■ **TASK TO CARRY OUT**: The lines needed run from the one that contains "生存猎pvp天赋加点推荐为0" through the end of the material below, both included; write them out exactly, with no pictures.

■ **SOURCE MATERIAL**:

============================================================

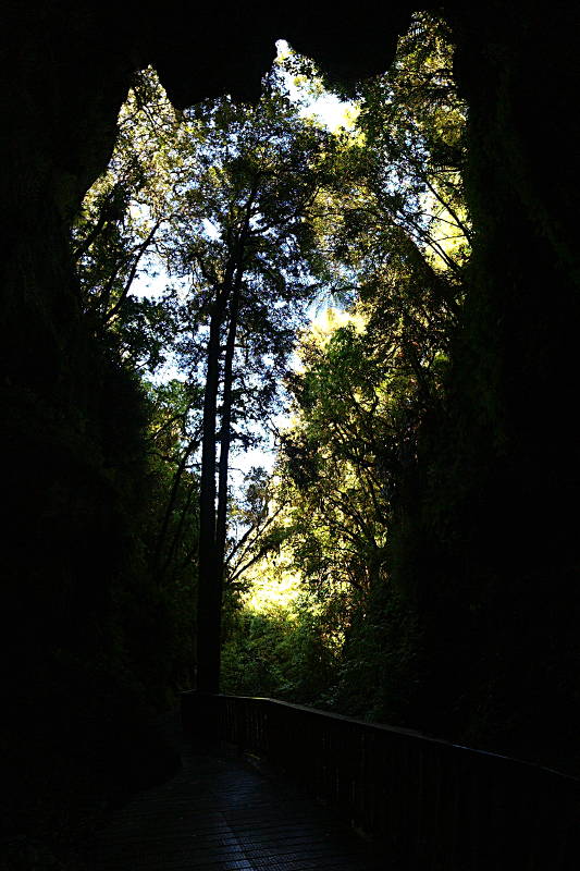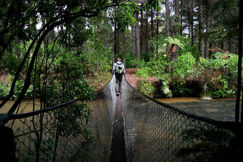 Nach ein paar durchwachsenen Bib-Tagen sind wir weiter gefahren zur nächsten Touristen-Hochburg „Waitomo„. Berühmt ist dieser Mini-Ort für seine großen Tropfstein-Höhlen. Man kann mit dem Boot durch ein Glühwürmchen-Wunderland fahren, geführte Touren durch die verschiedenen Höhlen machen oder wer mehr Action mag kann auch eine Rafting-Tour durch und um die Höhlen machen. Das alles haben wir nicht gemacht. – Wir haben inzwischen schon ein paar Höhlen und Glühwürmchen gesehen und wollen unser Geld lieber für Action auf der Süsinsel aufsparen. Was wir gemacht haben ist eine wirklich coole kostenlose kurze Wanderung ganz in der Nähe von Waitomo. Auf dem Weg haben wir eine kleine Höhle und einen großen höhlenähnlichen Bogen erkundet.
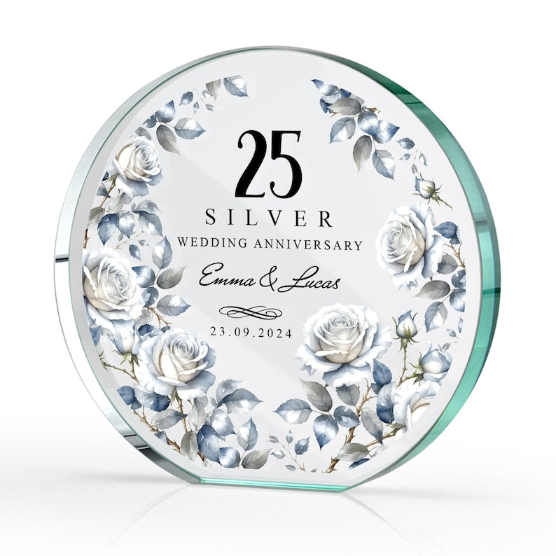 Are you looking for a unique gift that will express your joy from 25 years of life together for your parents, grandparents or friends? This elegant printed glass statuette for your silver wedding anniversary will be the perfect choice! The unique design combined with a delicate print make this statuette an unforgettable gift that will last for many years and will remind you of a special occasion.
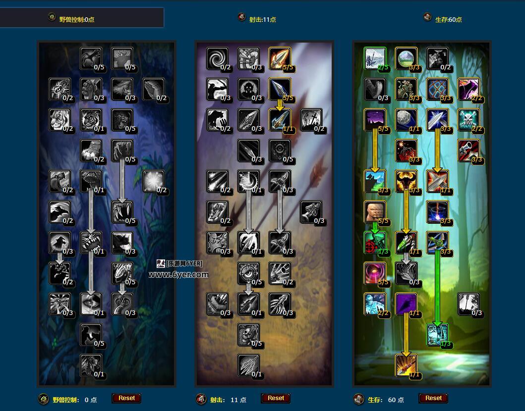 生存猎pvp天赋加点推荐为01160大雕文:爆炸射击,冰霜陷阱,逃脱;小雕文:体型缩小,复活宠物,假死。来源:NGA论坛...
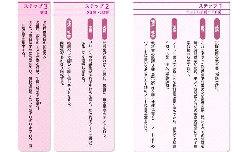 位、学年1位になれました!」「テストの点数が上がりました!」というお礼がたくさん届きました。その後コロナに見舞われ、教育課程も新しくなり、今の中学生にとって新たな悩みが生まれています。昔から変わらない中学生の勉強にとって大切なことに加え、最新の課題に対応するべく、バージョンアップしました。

============================================================

■ **TASK OUTPUT**:
 生存猎pvp天赋加点推荐为01160大雕文:爆炸射击,冰霜陷阱,逃脱;小雕文:体型缩小,复活宠物,假死。来源:NGA论坛...
 位、学年1位になれました!」「テストの点数が上がりました!」というお礼がたくさん届きました。その後コロナに見舞われ、教育課程も新しくなり、今の中学生にとって新たな悩みが生まれています。昔から変わらない中学生の勉強にとって大切なことに加え、最新の課題に対応するべく、バージョンアップしました。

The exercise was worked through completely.